Work item >>
Exactly as written, transcribe the data from its opening line through the line containing "Selama periode kolaborasi, pengguna". Leave every picture out.

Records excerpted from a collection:
__________________________________________________

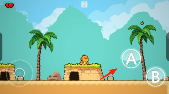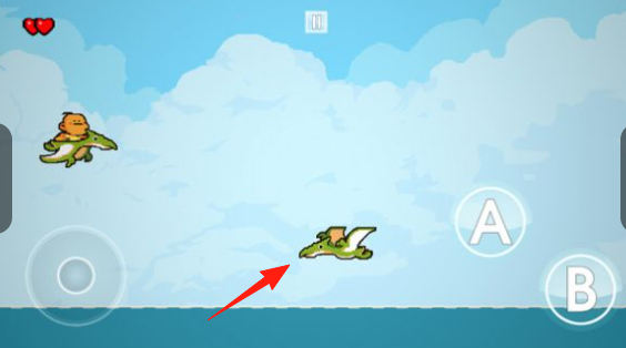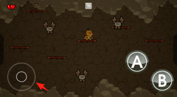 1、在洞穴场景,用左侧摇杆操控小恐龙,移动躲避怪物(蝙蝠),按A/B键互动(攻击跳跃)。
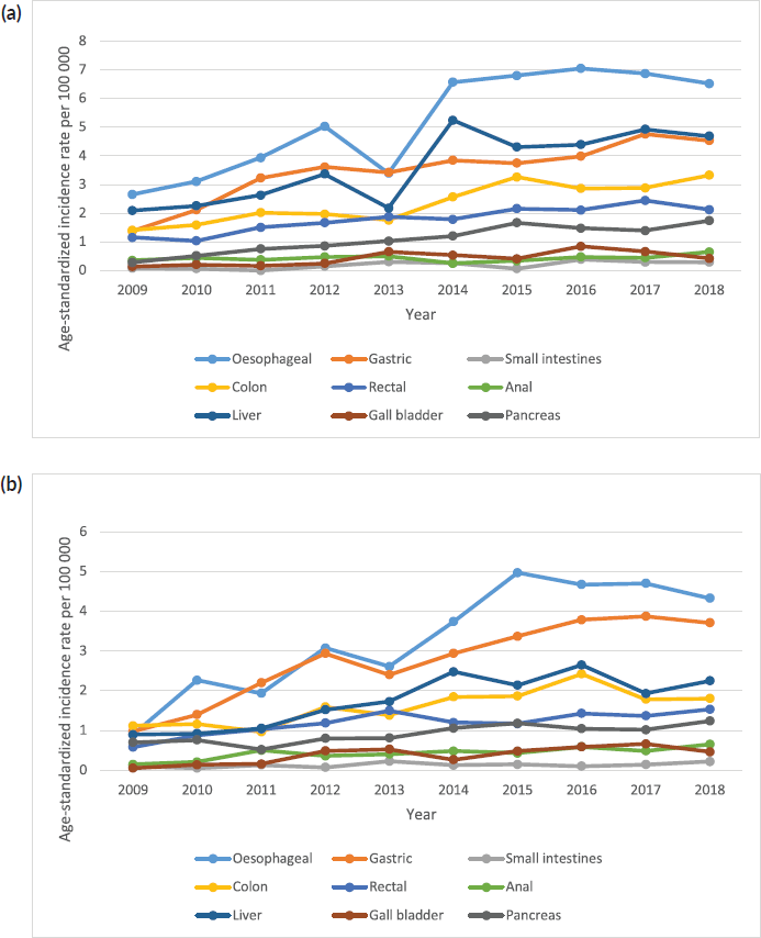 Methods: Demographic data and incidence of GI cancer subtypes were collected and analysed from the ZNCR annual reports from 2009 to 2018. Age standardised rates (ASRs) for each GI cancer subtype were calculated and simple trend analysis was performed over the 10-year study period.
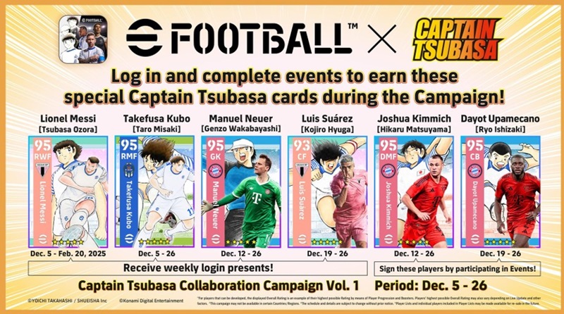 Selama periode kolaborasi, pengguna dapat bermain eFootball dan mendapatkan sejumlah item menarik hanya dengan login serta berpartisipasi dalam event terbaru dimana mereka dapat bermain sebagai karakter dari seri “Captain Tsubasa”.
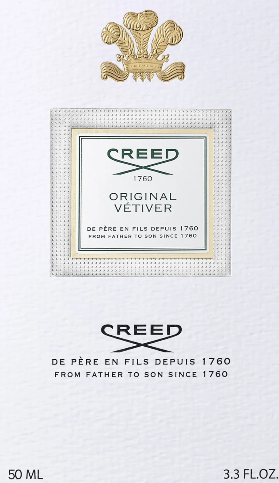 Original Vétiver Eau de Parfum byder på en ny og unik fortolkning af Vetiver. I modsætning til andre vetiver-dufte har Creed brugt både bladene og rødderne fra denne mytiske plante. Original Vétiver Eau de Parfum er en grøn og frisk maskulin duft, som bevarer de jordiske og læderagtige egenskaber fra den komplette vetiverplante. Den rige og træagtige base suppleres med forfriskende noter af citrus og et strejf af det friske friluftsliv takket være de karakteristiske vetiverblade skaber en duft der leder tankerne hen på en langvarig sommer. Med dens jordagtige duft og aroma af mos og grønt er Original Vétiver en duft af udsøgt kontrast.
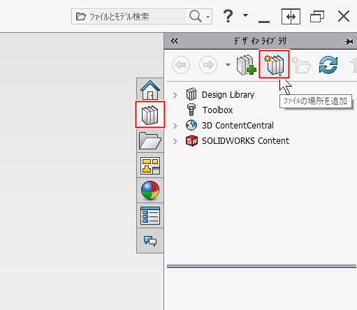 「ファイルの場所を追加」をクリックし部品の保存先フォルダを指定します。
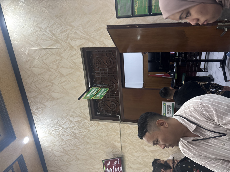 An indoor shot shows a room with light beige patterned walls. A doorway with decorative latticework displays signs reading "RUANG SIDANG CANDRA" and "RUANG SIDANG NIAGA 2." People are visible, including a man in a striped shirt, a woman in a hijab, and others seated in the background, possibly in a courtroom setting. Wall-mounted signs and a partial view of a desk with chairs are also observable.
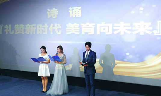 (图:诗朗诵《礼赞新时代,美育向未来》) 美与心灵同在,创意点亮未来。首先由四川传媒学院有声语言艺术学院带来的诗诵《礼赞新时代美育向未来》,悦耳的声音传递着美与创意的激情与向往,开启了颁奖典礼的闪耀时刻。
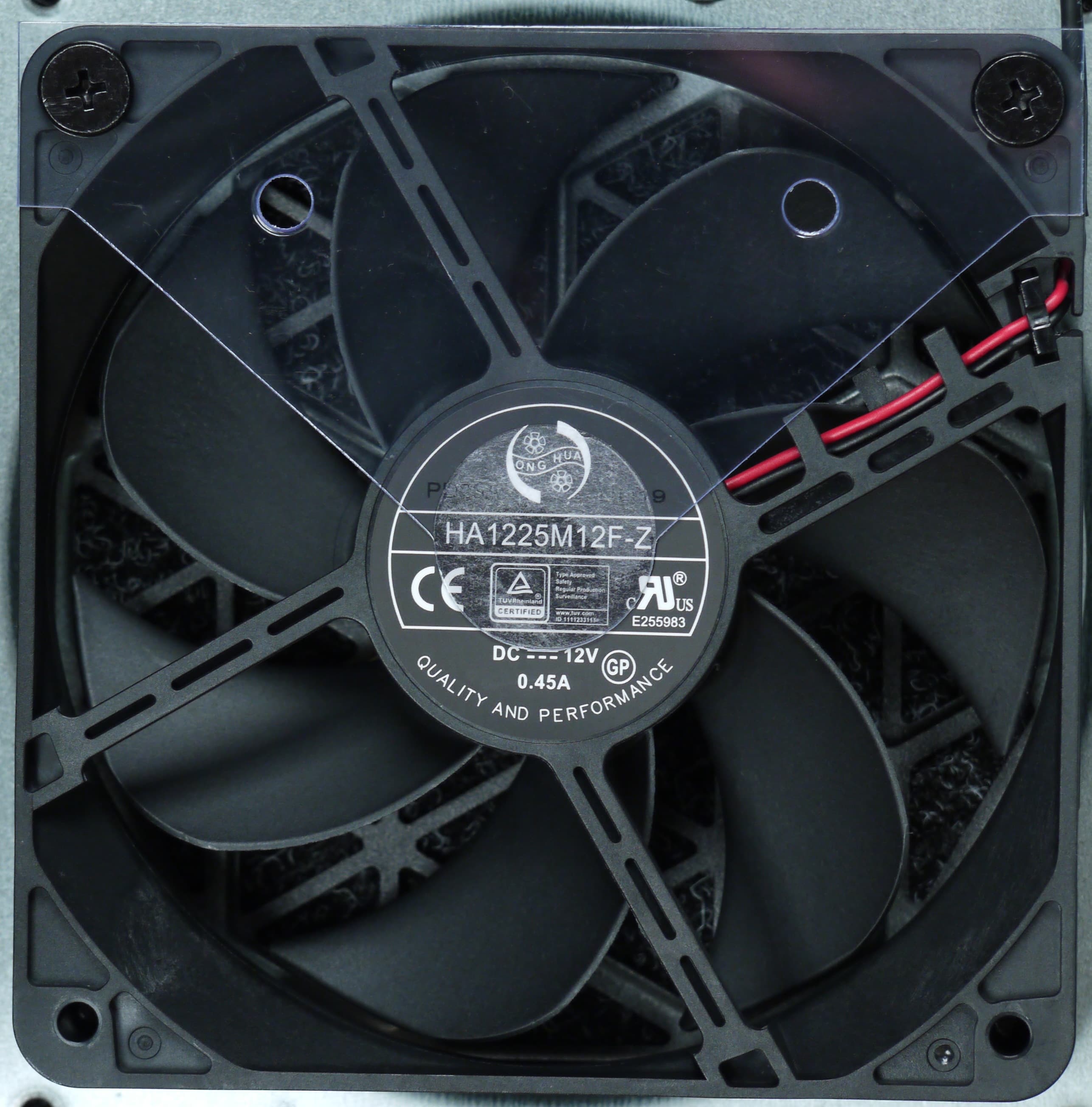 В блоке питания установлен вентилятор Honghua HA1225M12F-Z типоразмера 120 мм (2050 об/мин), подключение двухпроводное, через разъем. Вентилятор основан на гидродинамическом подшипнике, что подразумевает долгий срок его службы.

__________________________________________________

Solution below >>
 1、在洞穴场景,用左侧摇杆操控小恐龙,移动躲避怪物(蝙蝠),按A/B键互动(攻击跳跃)。
 Methods: Demographic data and incidence of GI cancer subtypes were collected and analysed from the ZNCR annual reports from 2009 to 2018. Age standardised rates (ASRs) for each GI cancer subtype were calculated and simple trend analysis was performed over the 10-year study period.
 Selama periode kolaborasi, pengguna dapat bermain eFootball dan mendapatkan sejumlah item menarik hanya dengan login serta berpartisipasi dalam event terbaru dimana mereka dapat bermain sebagai karakter dari seri “Captain Tsubasa”.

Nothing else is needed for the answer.